What Ending the Affordable Care Act Could Mean for Texans

Can Obamacare survive a real death panel

The 5th Circuit Court of Appeals is considering a case that could strike down the Affordable Care Act

"Even if the high court were to decline the case, the drama would raise fresh uncertainties about the millions of Americans who could lose insurance coverage and consumer protections created under the law - especially those with preexisting medical conditions, whom President Trump has vowed to protect even as his administration tries to eliminate the law".

It was unclear when the panel would rule.

Among the arguments by the law's supporters: Those who filed suit have no case because they aren't harmed by a tax that doesn't exist; the reduction of the tax penalty to zero could be read as a suspension of the tax, but the tax's legal structure still exists; and if the individual mandate is now unconstitutional, that doesn't affect the rest of the law. United States is likely bound for the Supreme Court where, despite recent changes among the nine, the majority that previously upheld the law - Roberts and four liberal justices - is still there.

But regardless of the end result, the lawsuit - and the potential for it to again reach the Supreme Court - ensures that health care will be a top issue again this election cycle.

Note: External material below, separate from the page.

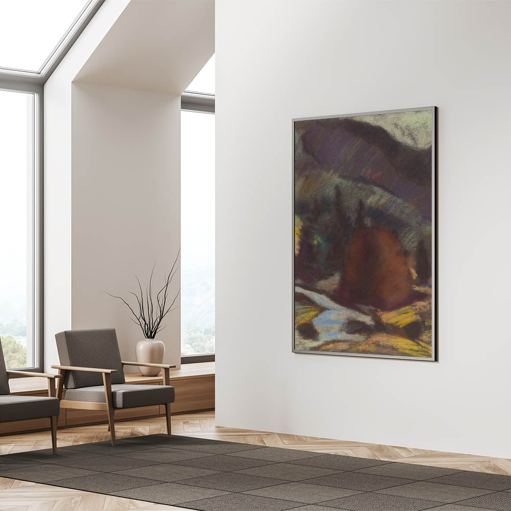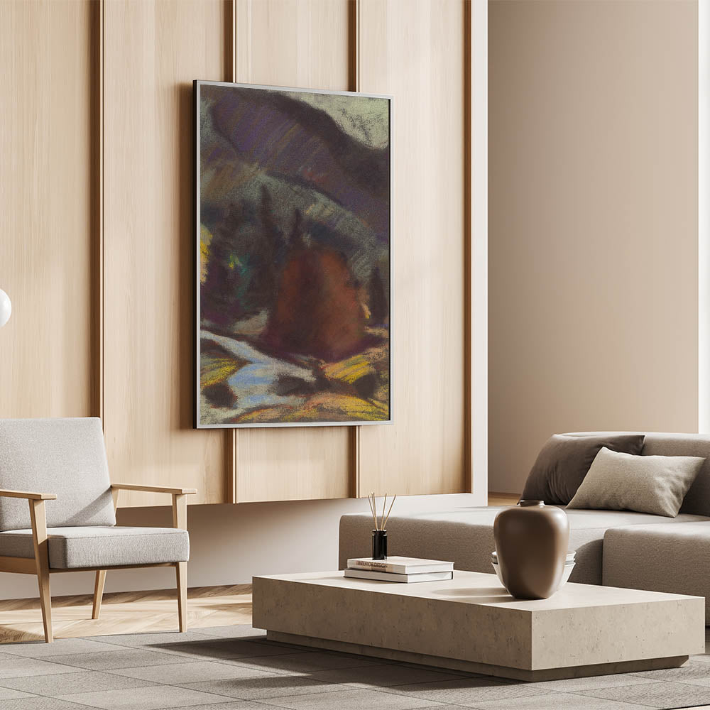 Bring the serene beauty of nature into your home with this captivating Modern Wall Art. Featuring an abstract depiction of a mountain landscape, this artwork combines deep earthy tones with soft highlights of blue and yellow, creating a harmonious and tranquil composition. Perfect for lovers of Contemporary Art, this piece effortlessly blends rugged natural elements with a sophisticated, modern aesthetic.

Why it matters to patients and physicians: A Texas-led coalition of 20 states argued that, because Congress reduced the individual tax penalty down to $0, the entire ACA should be eliminated also.

"What do you say to people who say it's absurd to say that the mandate isn't severable from, say, the calorie provisions?" she questioned at one point. With the help and peace of mind that the Affordable Care Act (ACA) provides for people with preexisting conditions, Mari has been able to live a normal life and her parents, Gabe and Leslie, have not had to worry about their daughter's health care coverage.

Texas and the other Republican-led states that have sued to invalidate the law argue that when Congress in 2017 scrapped a penalty against people who didn't have health insurance, lawmakers removed a pillar of the law that was critical to getting young, healthy people to sign up for coverage and keeping premiums affordable.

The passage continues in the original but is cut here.